October is a Month of Mental Health Awareness and Action

When we think of mental health, we often think of May which is Mental Health Awareness Month. But October is just as significant, filled with opportunities to raise awareness and take action on issues that deeply affect individuals, families, and communities.

World Mental Health Day is on October 10th

On October 10th, the world unites for World Mental Health Day. This day reminds us that mental health is not a privilege but a universal need. The focus is on breaking stigma, amplifying voices, and ensuring accessible care for all.

National Depression and Mental Health Screening Month

Mental health screenings save lives. October emphasizes checking in with ourselves and others. Depression, anxiety, and related struggles often go unseen but early detection and therapy can lead to healing and hope.
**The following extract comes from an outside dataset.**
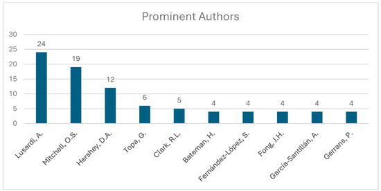 Prominent authors on financial literacy and financial planning and retirements for the period 1970–2024. Source: Authors’ elaboration based on Bibliometrix R-package (Biblioshiny) output.

Domestic Violence Awareness Month

Domestic violence is both a crisis of safety and of mental health. Survivors carry wounds of trauma, fear, and shame. This month, we stand with survivors, advocate for safety, and remind them that healing is possible through support and trauma-informed care.

ADHD Awareness Month

ADHD is more than restlessness. It impacts identity, relationships, and daily life. October highlights the importance of understanding ADHD beyond stereotypes and embracing strategies that help children and adults thrive.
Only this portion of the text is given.